Belki de mutluluğun ilk harfi tam burada saklıdır. Doğanın dinginliğinde, insanın kendi iç sesiyle yaptığı o sessiz ve samimi anlaşmada… Çünkü insan sabaha nasıl başlıyorsa, güne de hayata da çoğu zaman öyle devam eder. Telaşla uyanan bir kalp, gün boyu huzuru nerede bulabilir?
İnsanın gözlerinde umut olmalı meselâ. Sert, öfkeli, mesafeli bakışlar değil; karşısındakine “Bu insandan bana zarar gelmez” duygusunu fısıldayan bir sıcaklık… Gün içinde yüzlerce insanla göz göze geliyoruz. Ama kaçının bakışında gerçek bir samimiyet var? Kaçımız bakarken gerçekten görüyor, kaçımız sadece geçip gidiyoruz?
Masumiyet artık neredeyse ayıplanan bir hâl aldı. Saf olmak, iyi niyetli olmak; sanki insanı zayıf, kandırılmaya açık bir varlığa dönüştürüyormuş gibi algılanıyor. Oysa asıl yıpratıcı olan, sürekli tetikte yaşamak değil mi? Herkesin birbirine karşı diken üstünde olduğu bir dünyada yumuşak kalabilmek, kalbini sertleştirmemekte ısrar etmek, belki de en büyük cesaret.
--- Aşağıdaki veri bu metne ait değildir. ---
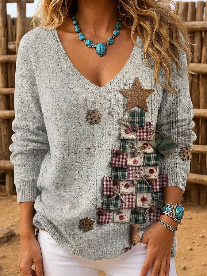 Women's Casual Printed Knitted Long Sleeve Top
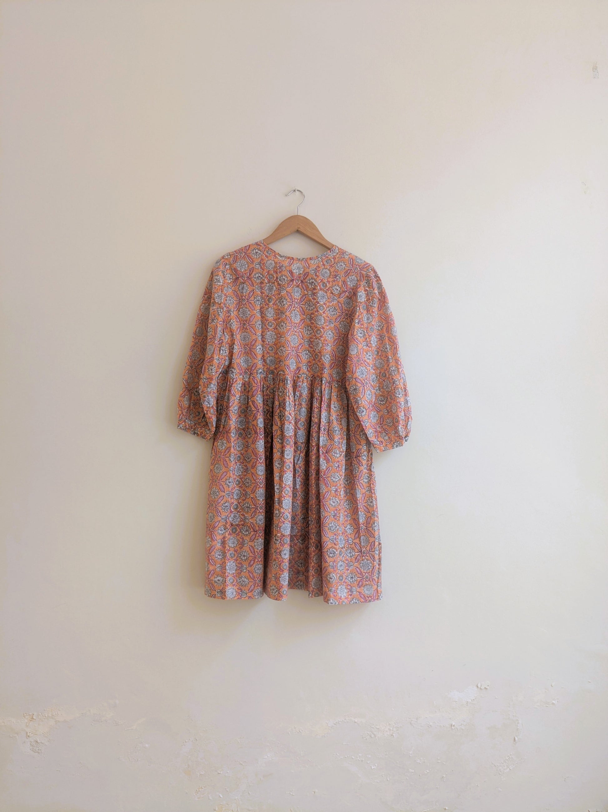 A flattering knee-length dress with extra room around the armholes and a 3/4th length sleeve. Features two side pockets.
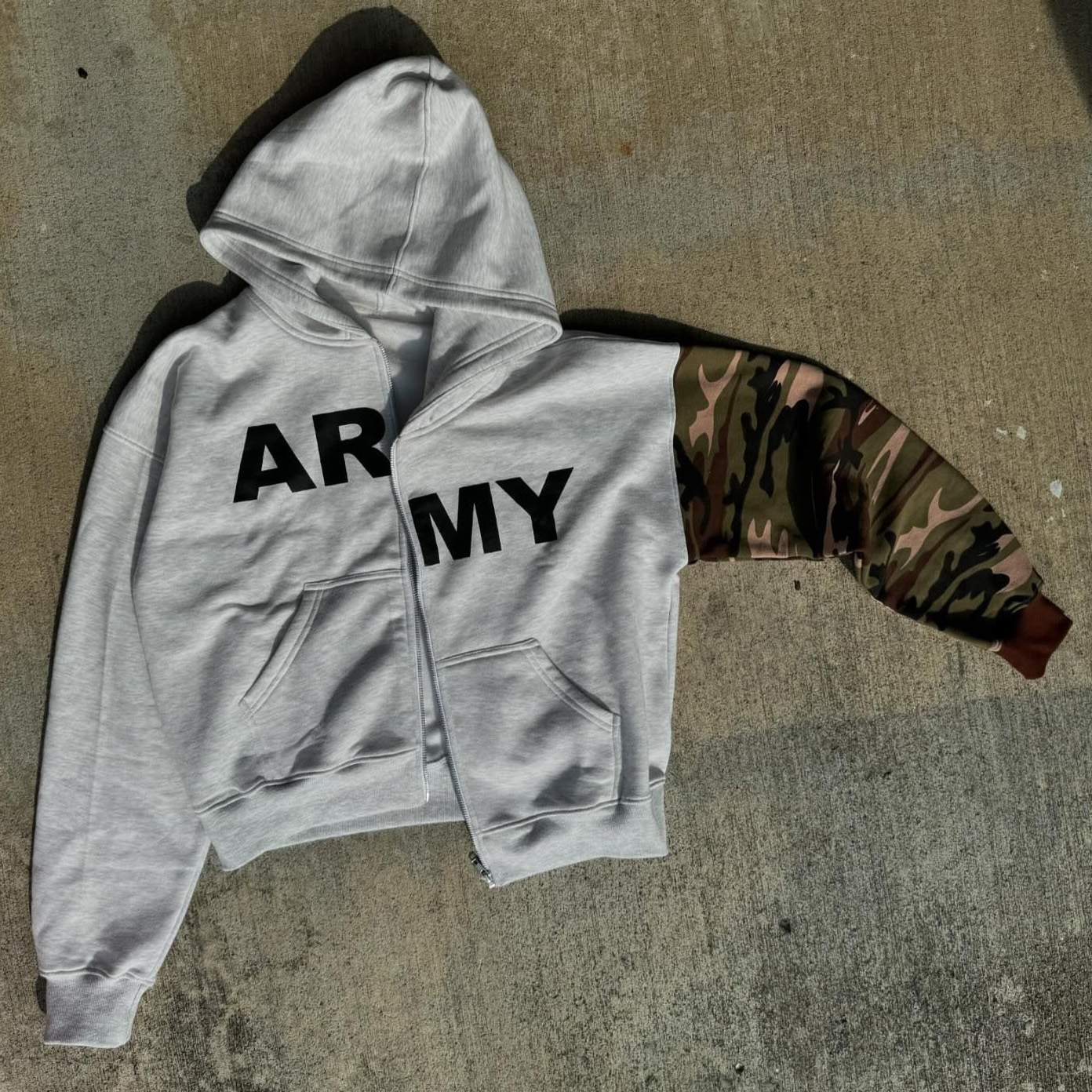 Army Camouflage Print Long Sleeve Zipper Hoodies

İnsan sabah gözlerini açtığında, ilk olarak kuşların sesini duymayı istemeli. Zihnini zarar verici düşüncelerle değil, iyilikle doldurmalı. Kurduğu cümleler incitmek için değil, onarmak için var olmalı. Çünkü bazen bir bakış, bazen tek bir kelime; insanın içinde onarılması yıllar süren izler bırakabiliyor.
Toplum olarak belki de en çok unuttuğumuz kavram şu: Güven. Güven veren insan olabilmek… Sözleriyle değil, duruşuyla; sesiyle değil, sessizliğiyle karşısındakini rahatlatabilmek. Kalbi telaşla değil, şefkatle atan insanların sayısı azaldıkça, dünya daha gürültülü, daha yorgun ve daha tahammülsüz bir yer hâline geliyor.
Mutluluk dediğimiz şey belki de çok uzaklarda değil. Daha fazlasını istemeden, kimseye zarar vermemeyi ilke edinmiş bir yaşamda saklı. Doğayı incitmeden, insanı yormadan, kendini tüketmeden yaşayabilmekte…
Eğer her sabah uyanırken içimizden şu cümleyi geçirebiliyorsak, hâlâ umut var demektir:
“Bugün kimseyi kırmadan, bu dünyada küçük de olsa bir iyilik bırakacağım.”
Belki de gerçek değişim, büyük sözlerle değil; tam olarak böyle, sessiz ve sahici bir niyetle başlar.